*** DATASET CONTENT ***

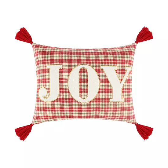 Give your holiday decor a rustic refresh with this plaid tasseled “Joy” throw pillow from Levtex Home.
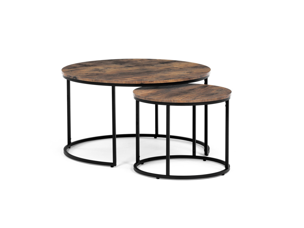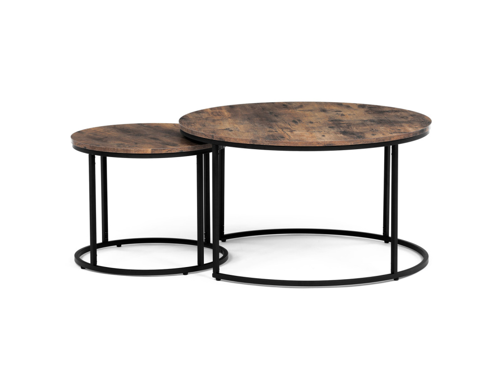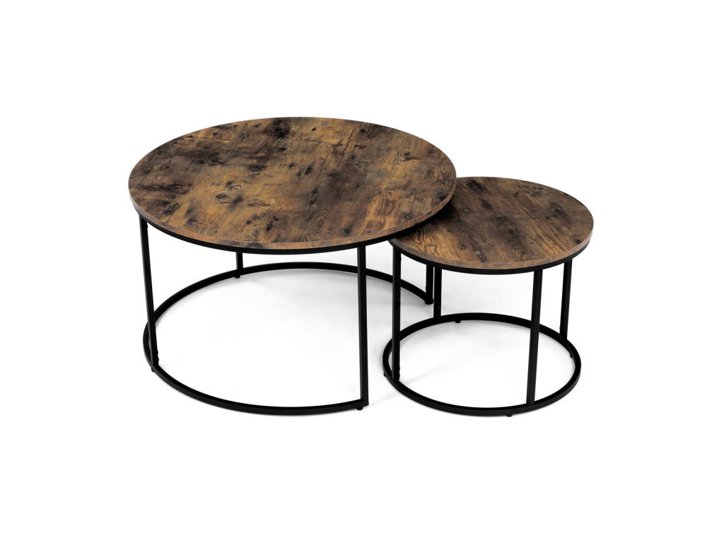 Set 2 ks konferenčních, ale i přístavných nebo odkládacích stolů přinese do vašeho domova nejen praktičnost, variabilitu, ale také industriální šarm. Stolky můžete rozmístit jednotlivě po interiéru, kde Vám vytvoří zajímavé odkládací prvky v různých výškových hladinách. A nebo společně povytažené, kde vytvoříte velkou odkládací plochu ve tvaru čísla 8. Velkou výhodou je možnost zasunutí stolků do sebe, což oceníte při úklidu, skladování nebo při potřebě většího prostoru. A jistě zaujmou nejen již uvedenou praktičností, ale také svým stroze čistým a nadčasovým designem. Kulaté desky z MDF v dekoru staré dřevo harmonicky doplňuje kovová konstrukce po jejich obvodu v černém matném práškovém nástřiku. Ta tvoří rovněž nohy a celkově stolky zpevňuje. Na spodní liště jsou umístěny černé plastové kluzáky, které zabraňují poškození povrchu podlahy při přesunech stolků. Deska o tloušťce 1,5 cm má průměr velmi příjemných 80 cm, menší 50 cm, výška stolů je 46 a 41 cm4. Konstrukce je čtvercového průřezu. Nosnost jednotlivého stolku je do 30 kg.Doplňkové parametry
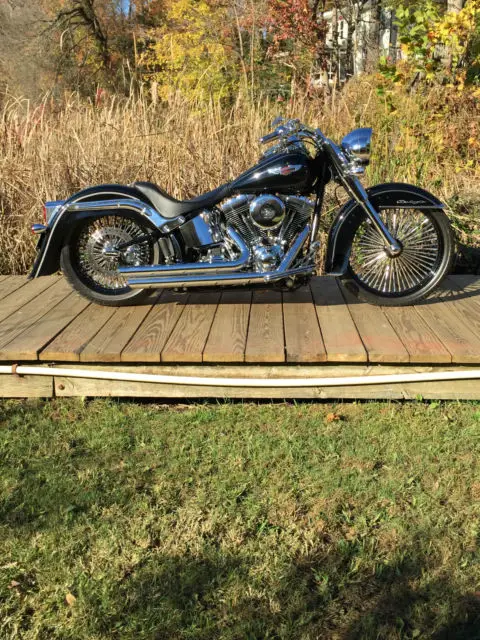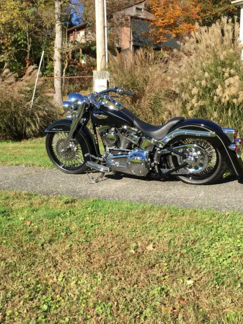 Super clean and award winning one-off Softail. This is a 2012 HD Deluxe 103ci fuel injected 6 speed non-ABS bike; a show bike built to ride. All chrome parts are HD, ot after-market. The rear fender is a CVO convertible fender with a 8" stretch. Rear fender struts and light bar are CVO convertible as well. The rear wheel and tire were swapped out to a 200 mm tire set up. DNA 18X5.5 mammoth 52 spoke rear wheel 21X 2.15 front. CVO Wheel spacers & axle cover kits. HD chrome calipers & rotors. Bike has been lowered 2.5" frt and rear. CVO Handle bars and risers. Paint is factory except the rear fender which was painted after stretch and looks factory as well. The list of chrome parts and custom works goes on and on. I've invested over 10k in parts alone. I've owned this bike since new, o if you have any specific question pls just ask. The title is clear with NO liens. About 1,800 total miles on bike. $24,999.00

*** End of DATASET CONTENT ***
*** DATASET CONTENT ***

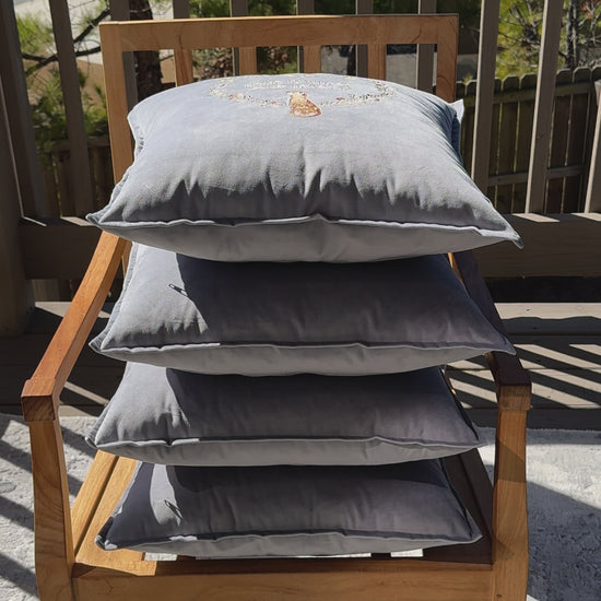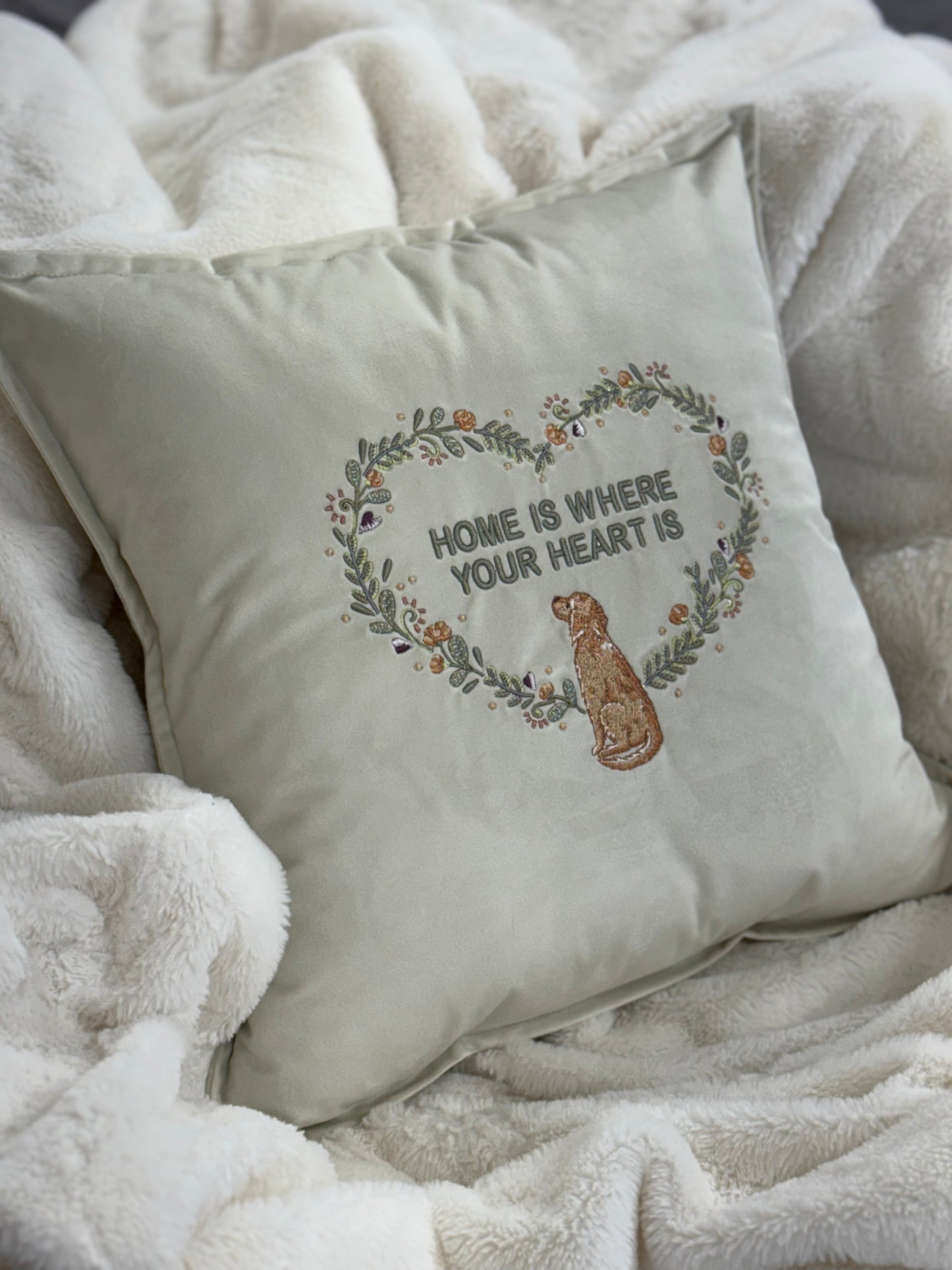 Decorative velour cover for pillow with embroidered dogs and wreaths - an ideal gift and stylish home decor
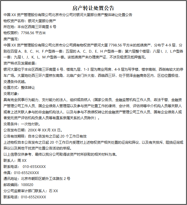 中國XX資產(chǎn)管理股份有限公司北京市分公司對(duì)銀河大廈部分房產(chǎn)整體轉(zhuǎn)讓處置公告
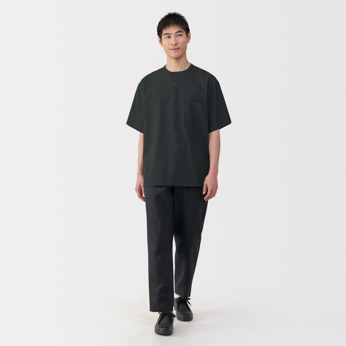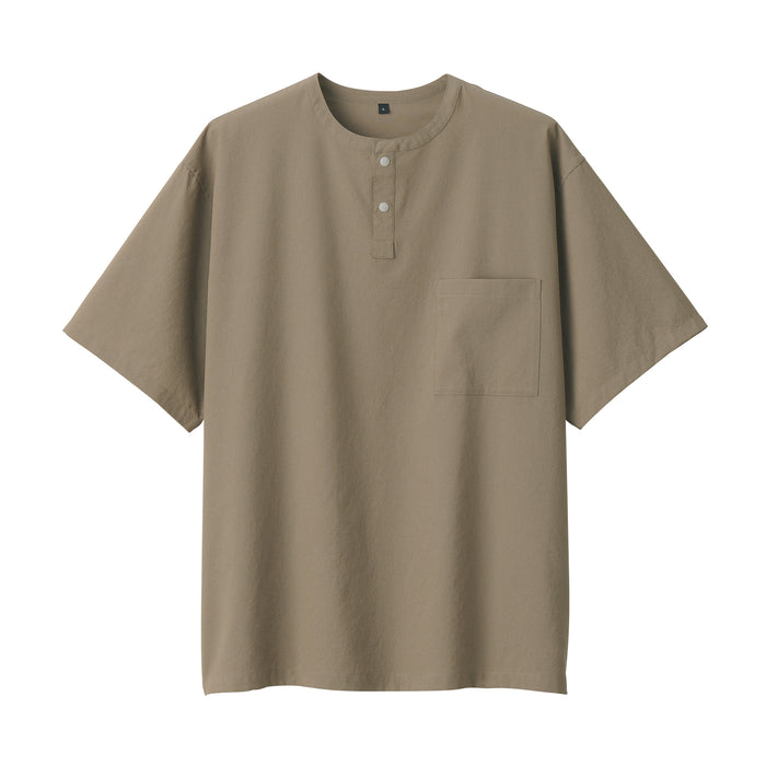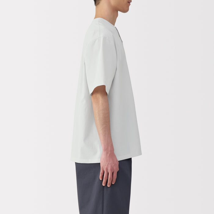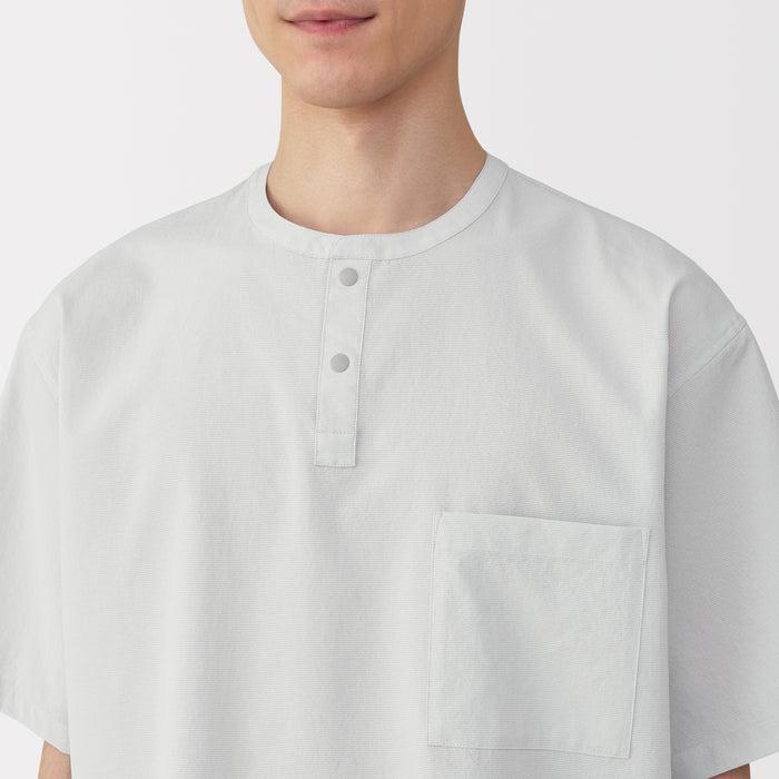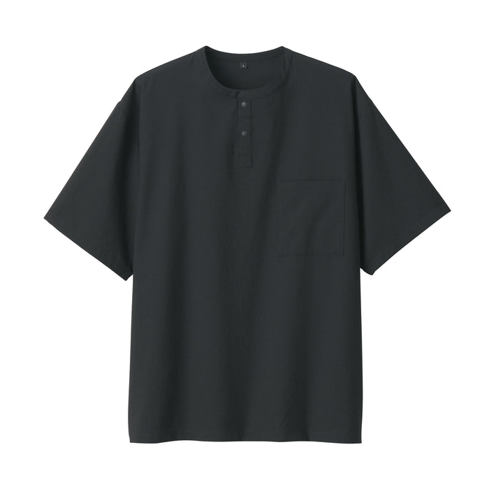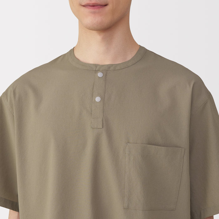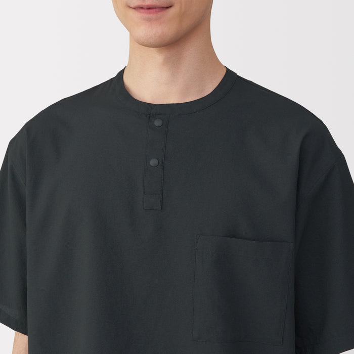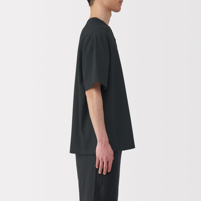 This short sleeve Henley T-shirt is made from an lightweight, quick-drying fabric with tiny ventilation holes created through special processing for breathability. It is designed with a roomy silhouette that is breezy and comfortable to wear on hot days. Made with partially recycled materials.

*** End of DATASET CONTENT ***
*** DATASET CONTENT ***

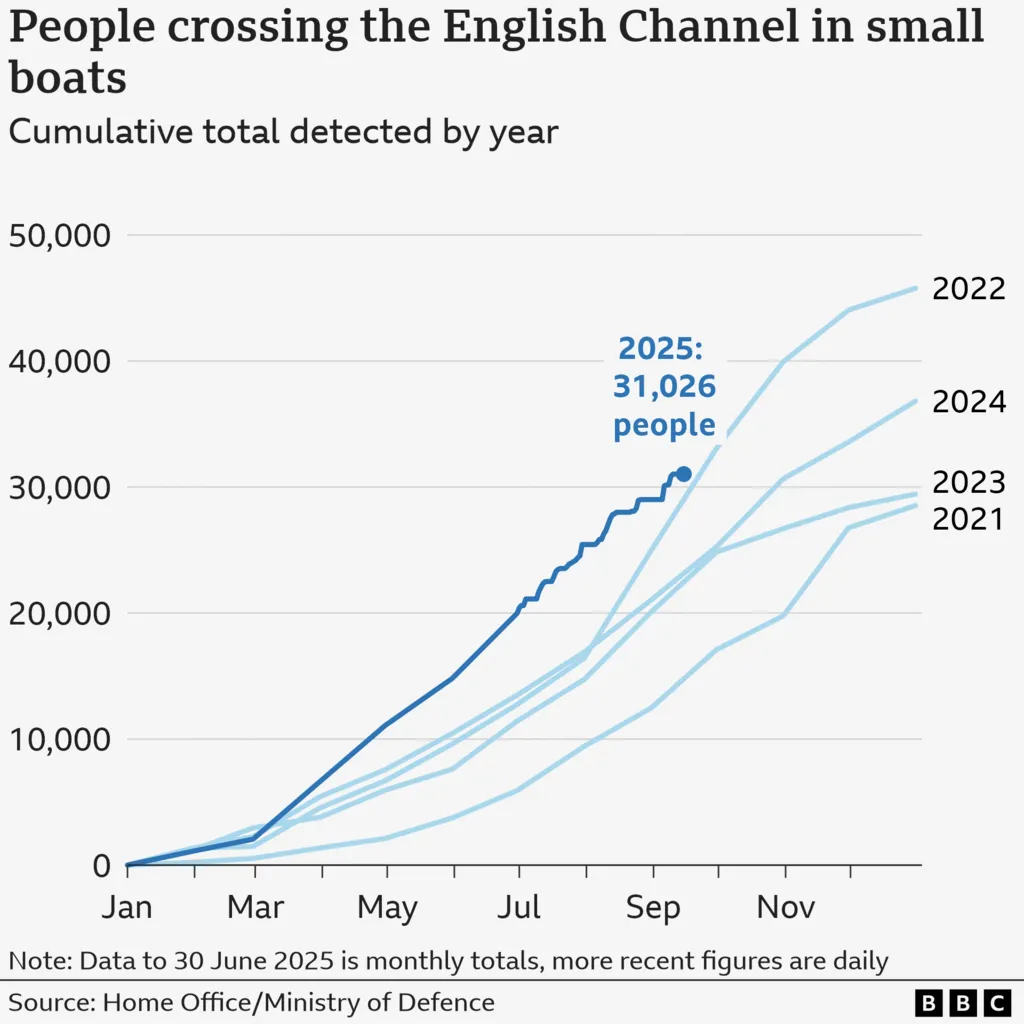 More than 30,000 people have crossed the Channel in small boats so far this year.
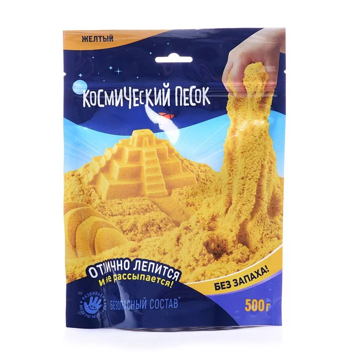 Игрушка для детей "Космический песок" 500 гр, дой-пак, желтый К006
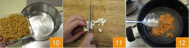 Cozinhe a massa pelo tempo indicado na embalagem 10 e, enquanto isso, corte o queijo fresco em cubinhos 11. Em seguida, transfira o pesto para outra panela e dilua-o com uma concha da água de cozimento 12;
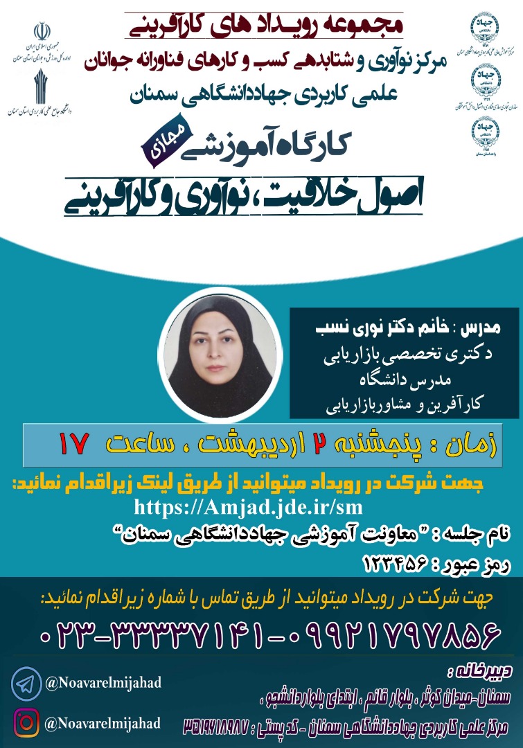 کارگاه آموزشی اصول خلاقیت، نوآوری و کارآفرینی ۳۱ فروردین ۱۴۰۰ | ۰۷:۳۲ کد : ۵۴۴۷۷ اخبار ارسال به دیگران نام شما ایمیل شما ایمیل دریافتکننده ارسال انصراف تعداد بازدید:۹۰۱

*** End of DATASET CONTENT ***

### DIRECTIONS FOR THIS TASK
From the data above, return exactly the lines from the one with "Decorative velour cover" up to and including the one with "中國XX資產(chǎn)管理". Pictures do not go in the copy.

### TASK OUTPUT
 Decorative velour cover for pillow with embroidered dogs and wreaths - an ideal gift and stylish home decor
 中國XX資產(chǎn)管理股份有限公司北京市分公司對(duì)銀河大廈部分房產(chǎn)整體轉(zhuǎn)讓處置公告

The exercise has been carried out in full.